The Redskins got going quickly on offense against the Packers on Sunday. They scored in four plays the first time they had the ball. After a three and out they drove to another touchdown. In the second quarter they embarked on the longest touchdown drive they have had since 1999, a 98-yard march. By the time halftime came they had scored 28 points.
That’s great but that four touchdowns are not always enough to beat an Aaron Rodgers-led Packers team. In 2016, the last season that Rodgers played all 16 games, Green Bay averaged 27 points per game. Basically, no lead is safe.
But Jay Gruden played it very safe with the offensive play calling in the second half. Alex Smith, who was on fire in the first half, attempted only five passes in the last 30 minutes. They had 57 yards rushing in the second half, 32 of which came on the Redskins final possession when they drove for a field goal, their only points of the final two quarters.

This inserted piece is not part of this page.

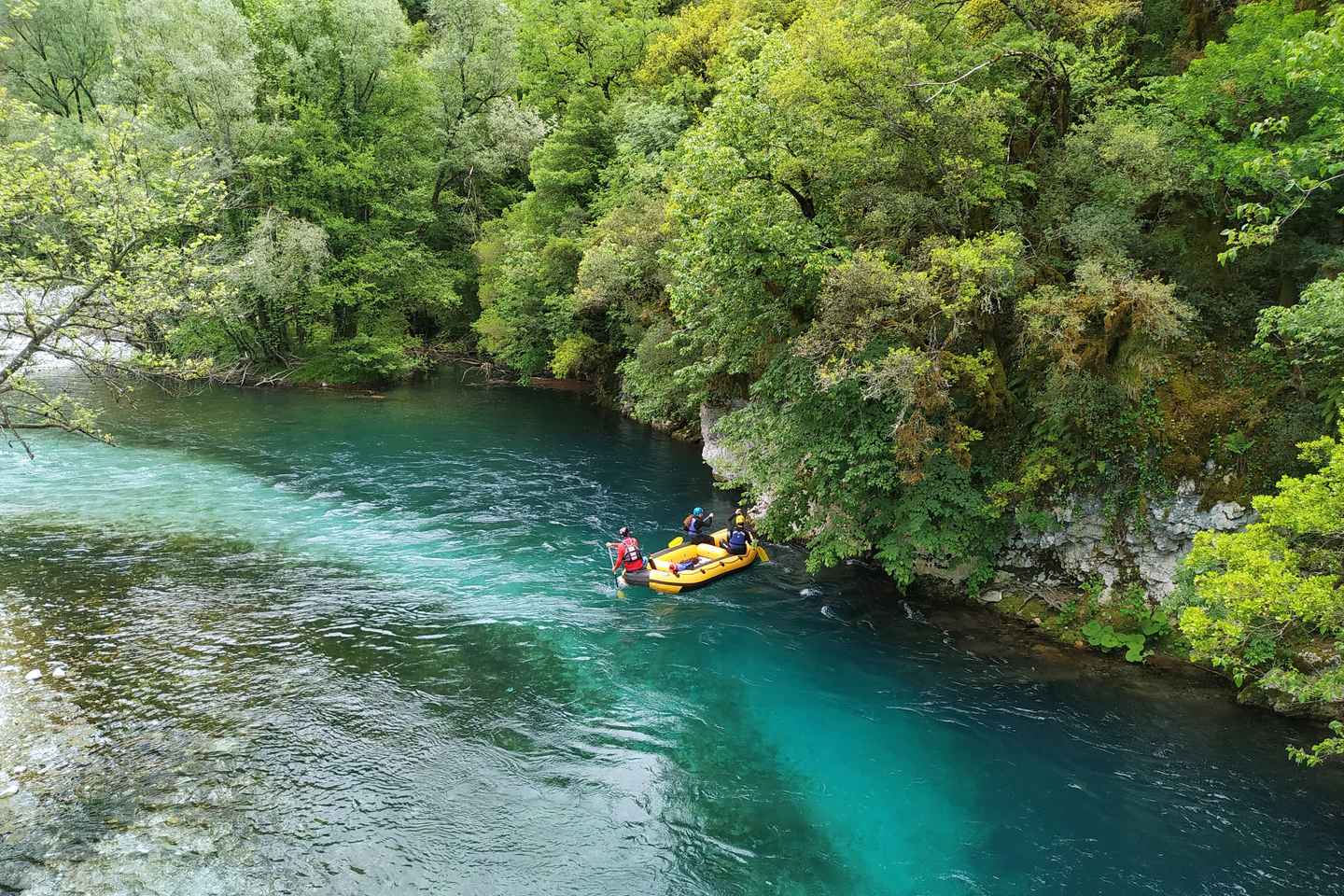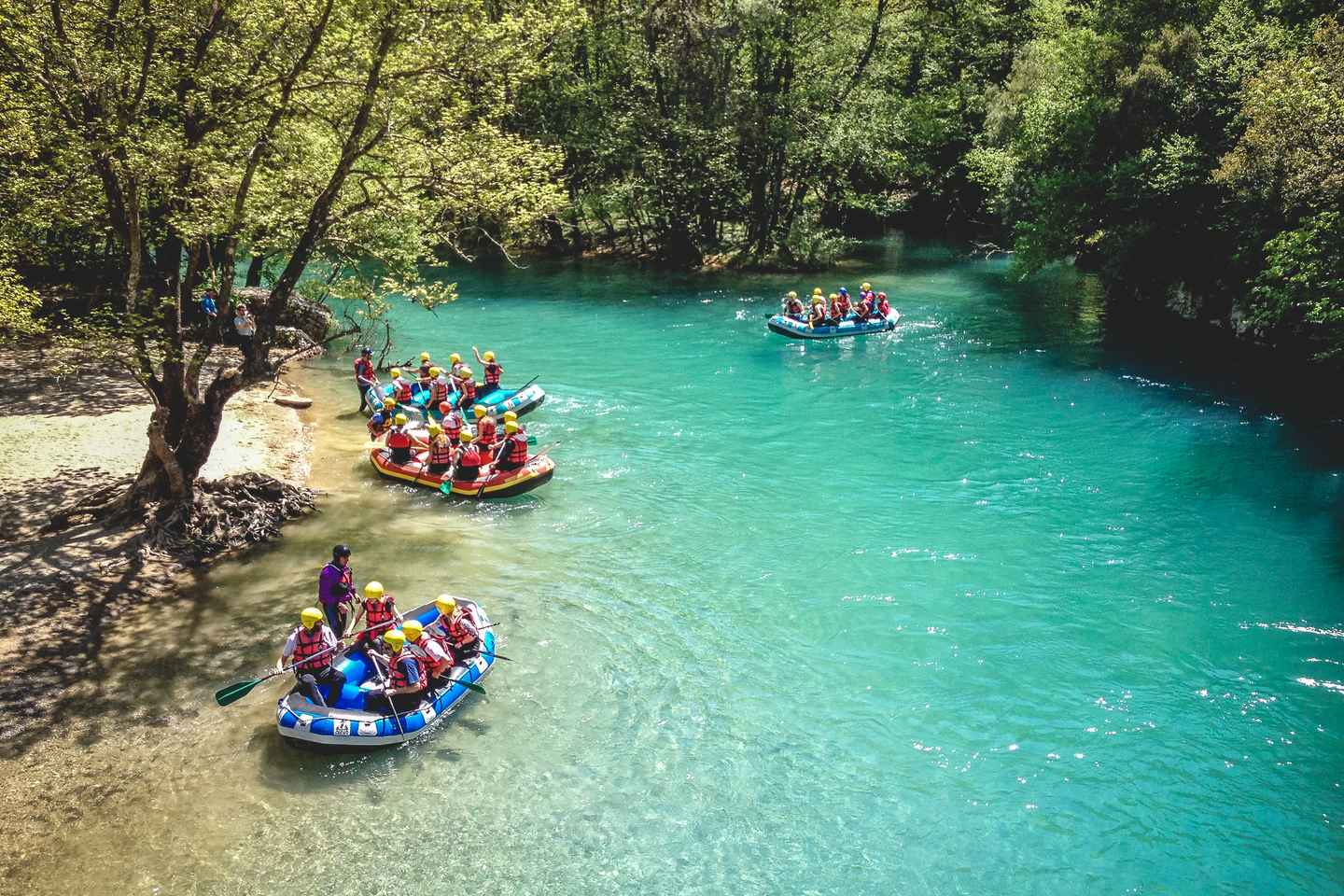 Discover the thrill of rafting on the Voidomatis River in the stunning Epirus region of Greece. This easy rafting adventure begins at the Trekking Hellas base in Klidonia, conveniently located between Aristi and Papingo villages. Friendly guides will greet you at 10:00am and provide all the necessary safety equipment to ensure a comfortable and secure experience.

It was a similar performance to their season opener against the Cardinals when they were up 21-0 at halftime and then posted just a field goal in the second quarter.

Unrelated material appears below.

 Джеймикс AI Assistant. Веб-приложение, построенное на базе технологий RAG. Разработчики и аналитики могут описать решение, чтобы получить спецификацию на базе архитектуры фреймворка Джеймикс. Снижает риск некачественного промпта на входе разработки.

While the lack of offense in the second half of the Redskins’ two wins has been a talking point among fans and in the media, the key point is that both games turned out in the Redskins’ favor. They now have a defense that Gruden can trust to hold a lead.
In Arizona, the Redskins defense gave up a touchdown midway through the fourth quarter, but the lead was never in danger. On Sunday, a fourth-down stop and a takeaway kept the Packers game from ever getting to be a one-score game.
In the second halves of their three games, including the Week 2 loss to the Colts, the Redskins have given up an average of 147 yards and seven points. It’s a small sample size but so far, they are doing a good job of shutting the door.
Another thing the Redskins have been doing well defensively is preventing big plays. The longest play against them was the 64-yard touchdown pass in the second quarter against the Packers. Other than that, they have given up just four plays that gained over 20 yards and none longer than 27 yards.
They are second in total defense. They are giving up a miniscule 4.3 adjusted net yards per pass attempt, a full two yards less than the league average. If you prefer to use the more traditional passer rating stat, opponents have compiled a 77.0, well below the league aggregate rating of 91.2. Again, it’s early but this is a good start.
The Washington defense will need to keep it going the next two weeks. First up after the bye is Drew Brees of the Saints, who is healthy and completing over 80 percent of his passes. New Orleans also has running back Alvin Kamara, one of the best two-way threats in the game. After that is Cam Newton of the Panthers, who the Redskins never have beaten, and his dual-threat running back Christian McCaffrey.